Study design: In vitro experiment using human intervertebral disc (IVD) cells and adenovirus-therapeutic gene constructs.
Objective: To examine the biologic effect of "cocktail" therapeutic gene transfer to human IVD cells in three-dimensional cultures.
Summary of background data: Gene therapy is regarded as a potential option for the treatment of degenerative disc disease. Although various anabolic genes have previously been introduced for this purpose, cocktail gene transfer of anabolic genes to IVD cells has never been attempted.

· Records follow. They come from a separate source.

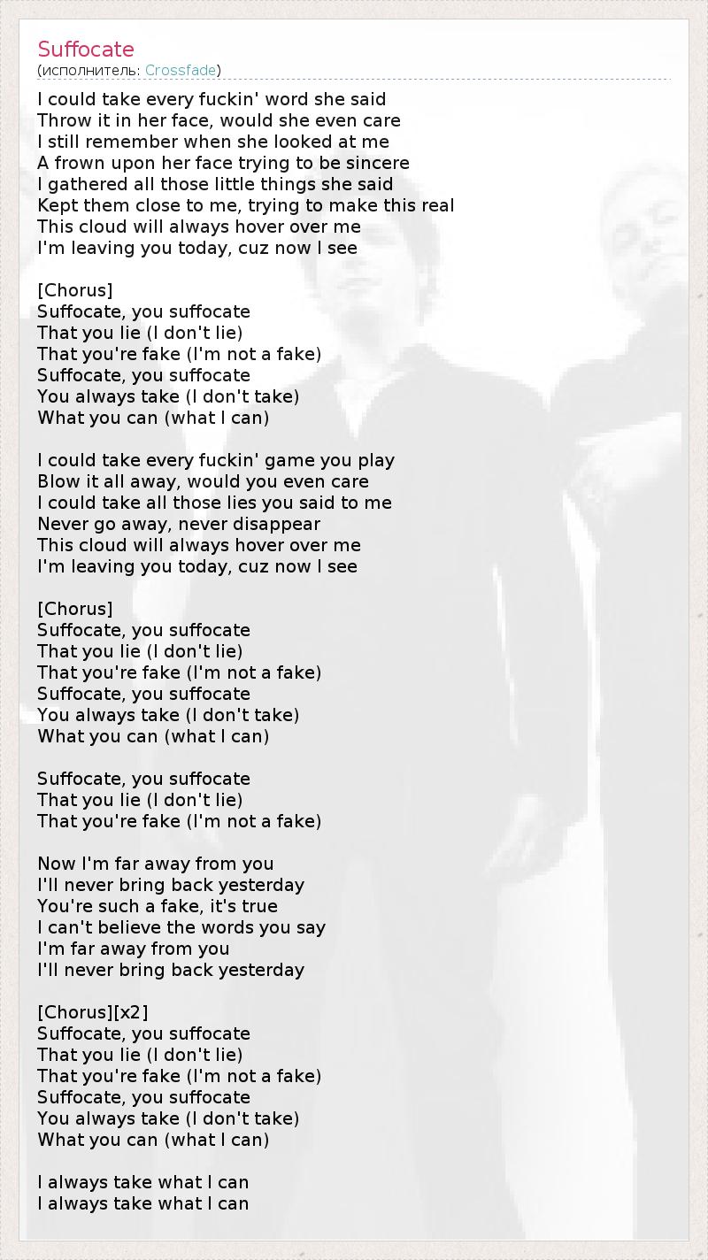 I could take every fuckin' word she said Throw it in her face, would she even care I still remember when she looked at me A frown upon her face trying to be sincere I gathered all those little things she said Kept them close to me, trying to make this real This cloud will always hover over me I'm leaving you today, cuz now I see [Chorus] Suffocate, you suffocate That you lie (I don't lie) That you're fake (I'm not a fake) Suffocate, you suffocate You always take (I don't take) What you can (what I can) I could take every fuckin' game you play Blow it all away, would you even care I could take all those lies you said to me Never go away, never disappear This cloud will always hover over me I'm leaving you today, cuz now I see [Chorus] Suffocate, you suffocate That you lie (I don't lie) That you're fake (I'm not a fake) Suffocate, you suffocate You always take (I don't take) What you can (what I can) Suffocate, you suffocate That you lie (I don't lie) That you're fake (I'm not a fake) Now I'm far away from you I'll never bring back yesterday You're such a fake, it's true I can't believe the words you say I'm far away from you I'll never bring back yesterday [Chorus][x2] Suffocate, you suffocate That you lie (I don't lie) That you're fake (I'm not a fake) Suffocate, you suffocate You always take (I don't take) What you can (what I can) I always take what I can I always take what I can
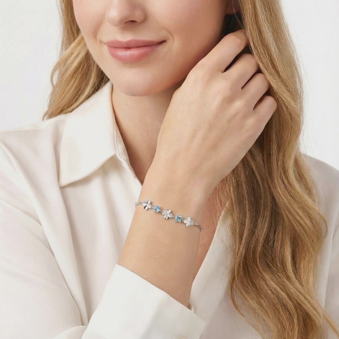 March birthstone station bracelet in S925 sterling silver with round light blue stones on blue silk.
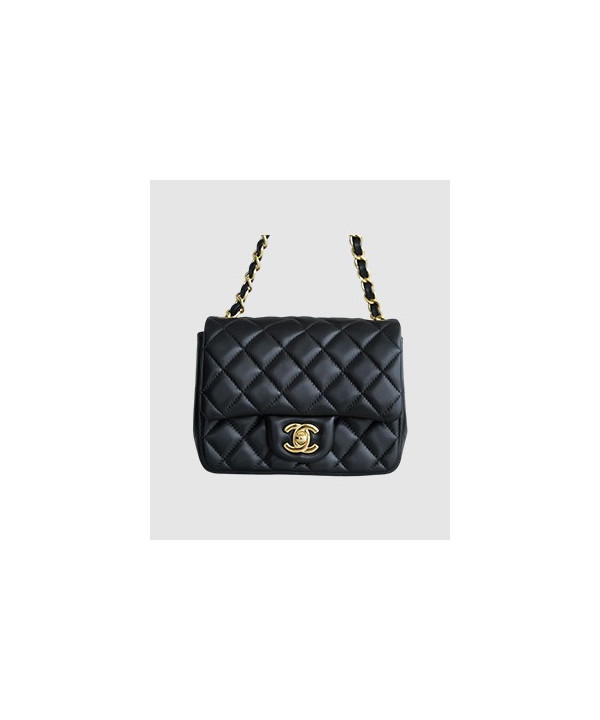 샤넬 클래식 뉴미니 블랙 금장 램스킨
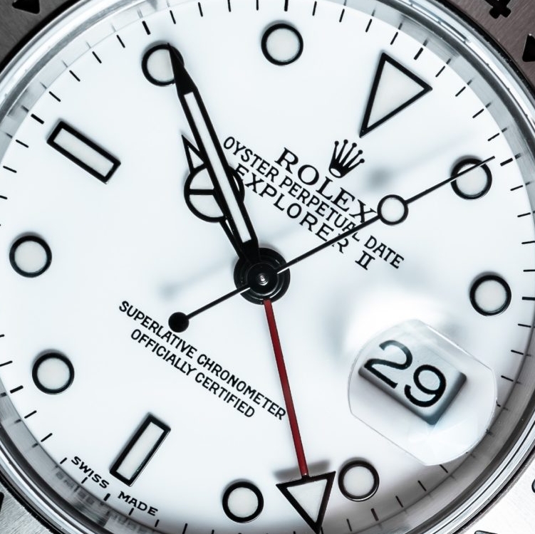 Fast-forward to 1989 when Rolex releases the Explorer II Ref. 16570, which had an impressive run of nearly 22 years before the 216570 was released in 2011. The 16570 iterated on the 16550 with the new caliber 3185 movement and a small but substantial change to the polar dial model. By replacing the silver outlined hands and indices with black, the legibility greatly improved by really accentuating the white dial. Also, the font used on the bezel numerals changed between the 16550 and 16570, which is just a matter of taste.

Methods: Human IVDs were harvested during surgical disc procedures and cultured. We prepared recombinant adenovirus constructs bearing the TGF-beta1 gene (Ad/TGF-beta1), the IGF-1 gene (Ad/IGF-1), and the BMP-2 gene (Ad/BMP-2). Transgene expression was detected by luciferase assays, enzyme linked immunosorbent assays, and Western blot analysis. Newly synthesized proteoglycan was measured by S-sulfate incorporation on Sephadex G-25 M in PD 10 columns. Human IVD cells were transduced by single, double, and triple combination of Ad/TGF-beta1, Ad/IGF-1, Ad/BMP-2 with an MOI of 75, then cultured three-dimensionally in alginate beads.
Results: Transgene expression was detected at 18 hours after viral transduction. IVD cultures with Ad/TGF-beta1, Ad/IGF-1, Ad/BMP-2 (MOI of 75) showed 2.9, 1.8, and 1.9 fold increases, respectively, in proteoglycan synthesis compared to control. Human IVD cultures with double gene combination (MOI of 75) showed 3.2 to 3.9 fold increases of proteoglycan synthesis. Lastly, Human IVD cultures with triple gene combination (TGF-beta1+IGF-1+BMP-2 genes with an MOI of 75) transfer demonstrated 4.7 fold increase in proteoglycan synthesis compared control.
Conclusion: Combination or "cocktail" gene therapy offers a promising mechanism for maximizing matrixsynthesis with low dose of adenoviral mixtures, circumventing systemic, local toxic effect, and immune response.